ECLI:NL:RVS:2025:1650
Raad van State
- Hoger beroep
- H.G. Sevenster
- Rechtspraak.nl
Hoger beroep tegen afwijzing verblijfsvergunning regulier voor bepaalde tijd
In deze zaak heeft de staatssecretaris van Justitie en Veiligheid op 5 juni 2023 een aanvraag van de appellant om een verblijfsvergunning regulier voor bepaalde tijd afgewezen. De appellant heeft hiertegen bezwaar gemaakt, maar dit bezwaar werd op 14 augustus 2024 door de minister van Asiel en Migratie ongegrond verklaard. Vervolgens heeft de rechtbank Den Haag op 11 februari 2025 het beroep van de appellant tegen deze beslissing ongegrond verklaard. De appellant, vertegenwoordigd door mr. A. Orhan, heeft hierop hoger beroep ingesteld bij de Raad van State.

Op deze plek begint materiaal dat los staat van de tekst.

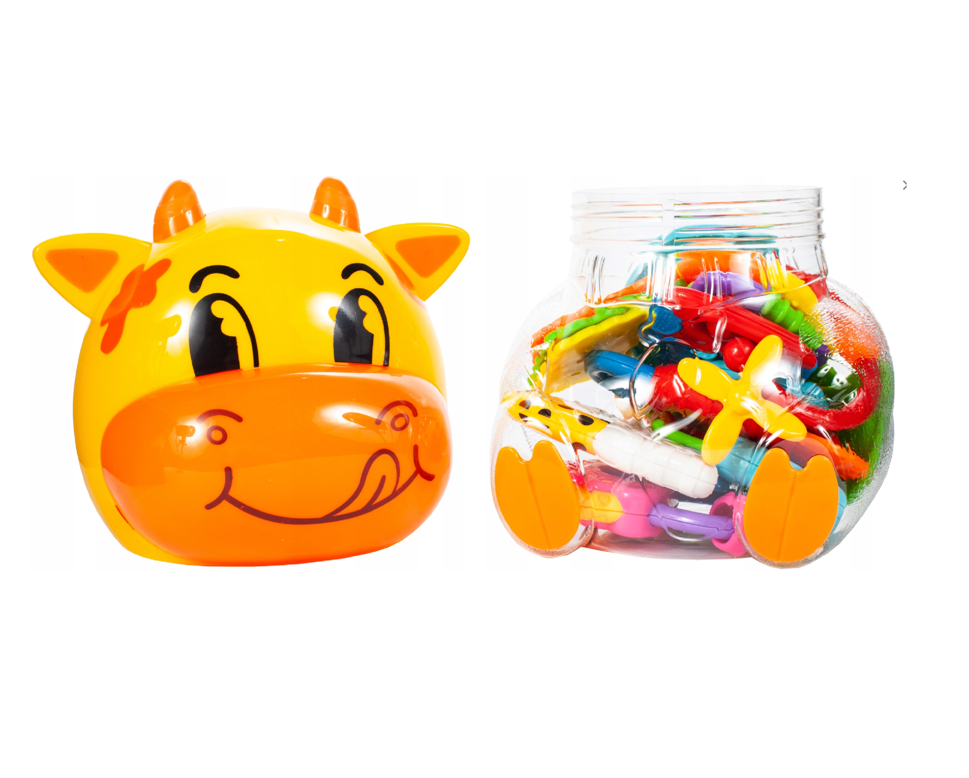 Set jucarii dentitie, zornaitoare, cutie in forma de vacuta, 7 elemente, MalPlay 108135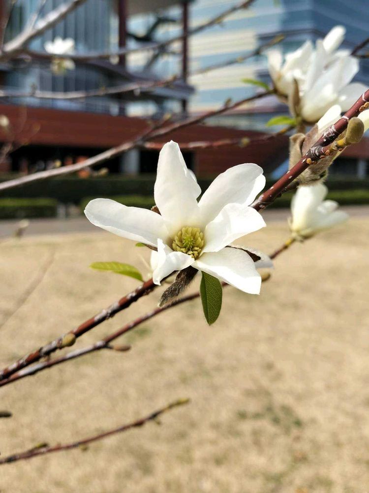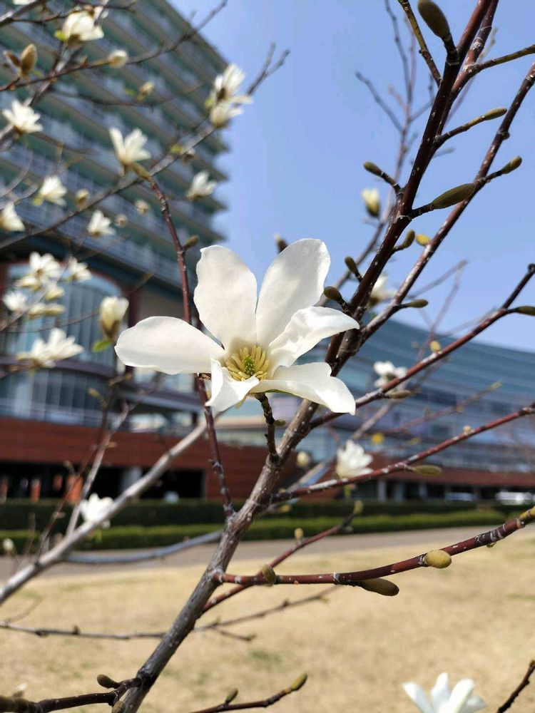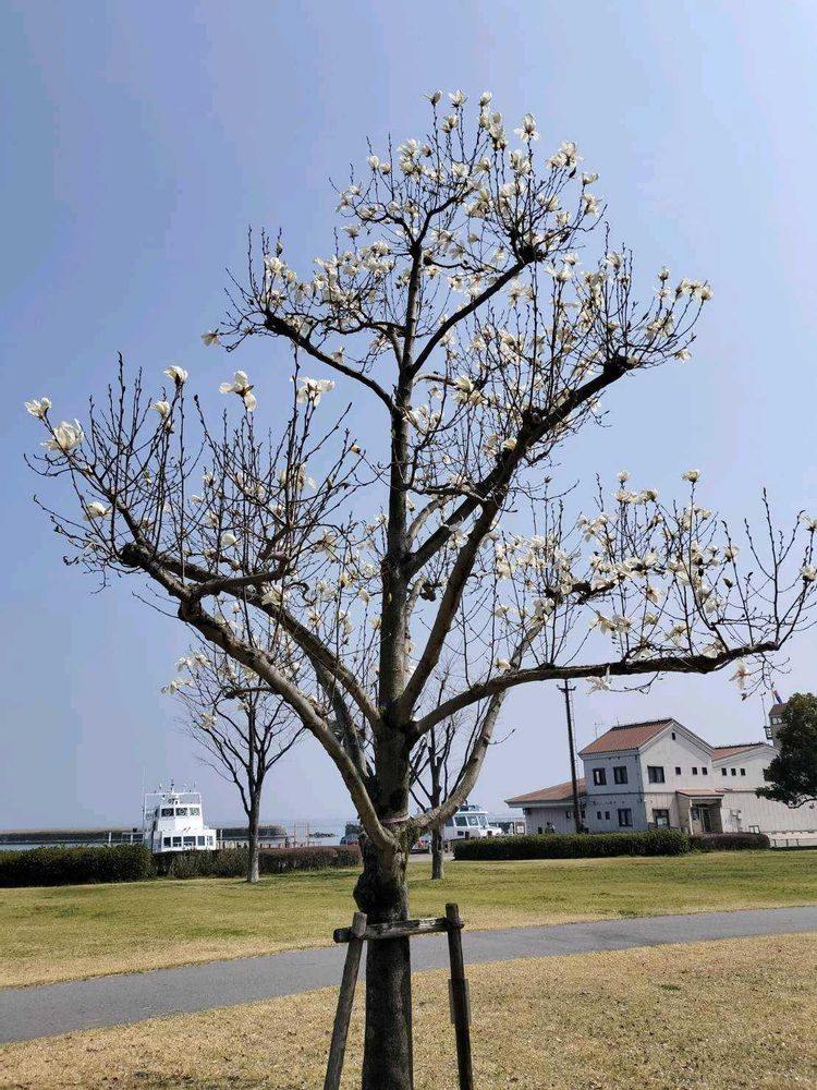 大津港の公園のこぶし。後ろは琵琶湖ホテル。

De Raad van State heeft vastgesteld dat de termijn voor het indienen van het hoger beroep op 11 maart 2025 eindigde, maar het hogerberoepschrift is pas na deze datum ontvangen. De appellant heeft geen redenen aangevoerd waarom het hoger beroep toch in behandeling zou moeten worden genomen. Hierdoor heeft de Raad van State geoordeeld dat het hoger beroep niet-ontvankelijk is verklaard. De minister is niet verplicht om de proceskosten te vergoeden. De uitspraak is gedaan door mr. H.G. Sevenster, lid van de enkelvoudige kamer, in aanwezigheid van mr. R.T. Gazai, griffier, en is openbaar uitgesproken op 14 april 2025.